Russia cannot compete with the United States in terms of the number of naval aircraft, but it can certainly afford to make more of this class of aircraft, particularly the A-42, an advanced version of the Beriev A-40 Albatros/Mermaid flying boat, developed in the 1980s, which can fly patrol and rescue missions.

The Russian Defense Ministry has already announced plans to purchase these aircraft. However, a 2008 plan to purchase four A-42 search-and-rescue planes, as well as their multi-role versions later on, never materialized.

Lieutenant General Valery Uvarov, former commander of the Russian Navy's air-force and air-defense units, said the navy needs 15-20 new flying boats to meet the demand for search-and-rescue aircraft and to significantly enlarge the ASW plane fleet.

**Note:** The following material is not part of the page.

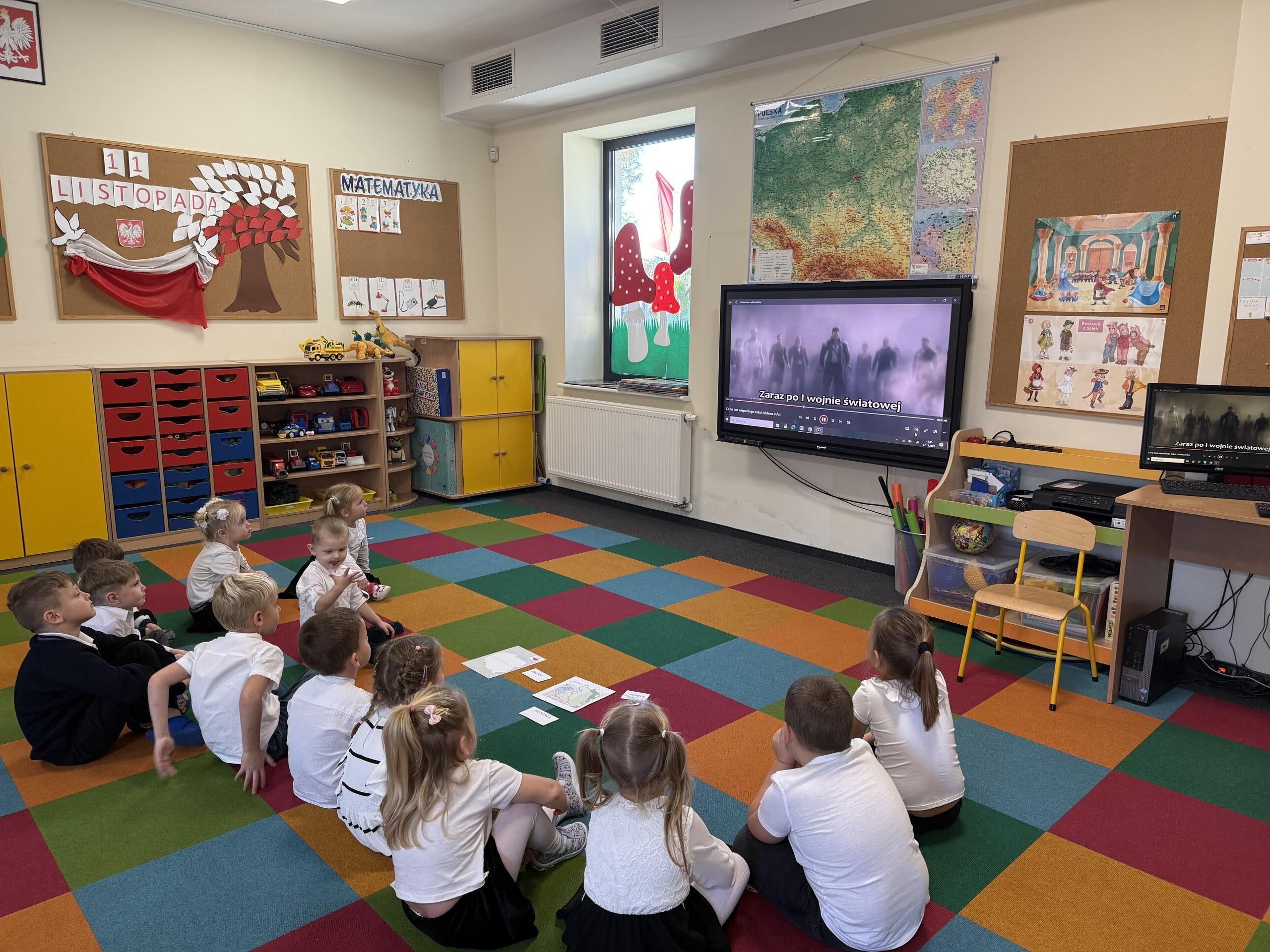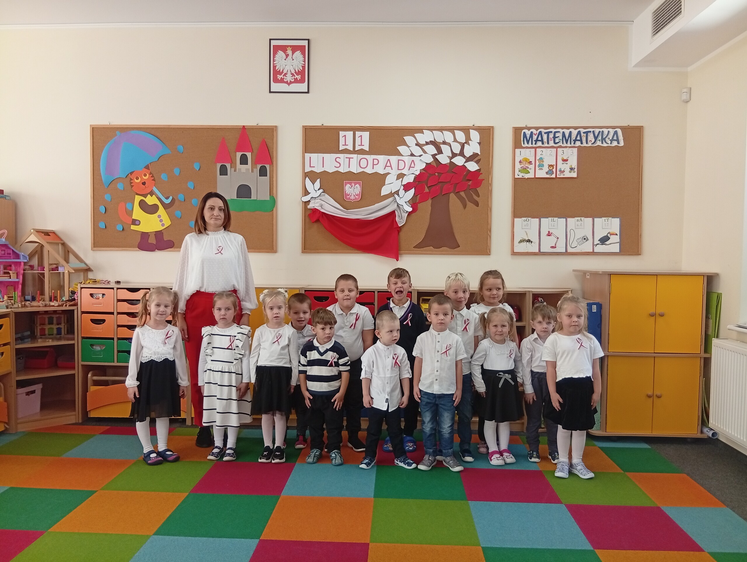 W dniu 7 listopada w naszym przedszkolu odbyła się uroczystość z okazji Święta Odzyskania Niepodległości. Wszystkie dzieci uroczyście świętowały ten wyjątkowy dla Nas – Polaków dzień. Poznały jego historię, oglądając wzruszającą opowieść słowno - muzyczną pt " Co to jest niepodległość?". Wykonały również patriotyczne kotyliony. Wspólnym akcentem było zaśpiewanie hymnu polskiego o godzinie 11.11 w ramach akcji „Niepodległa do Hymnu”. Przedszkolaki miały okazję do kształtowania miłości i przywiązania do kraju ojczystego, jego kultury i tradycji oraz zapoznały się z symbolami narodowymi.

It is impossible to replace all obsolete aircraft with A-42 flying boats because it would take about 20 years for the Taganrog plant that manufactures them, as well as the smaller Beriev Be-200 planes for the Emergencies Ministry, to fulfill the contract for at least 40 such aircraft.

A good replacement would be the Tupolev Tu-204-P multi-mission maritime aircraft, which was developed on the basis of the Tu-204 medium-haul airliner. It resembles the state-of-the-art Boeing P-8 Poseidon, a converted B-737.

This aircraft could be mass-produced if the Russian Navy were to order a sufficient quantity, unlike the A-42 flying boats. This would provide much-needed support to the Tu-204 program, which has essentially no commercial orders.

It would be possible to assemble 50-60 such aircraft in the next ten years, along with a small number of A-42 search-and-rescue planes. This would alleviate the problem and form the foundation for the subsequent development of Russian naval aviation.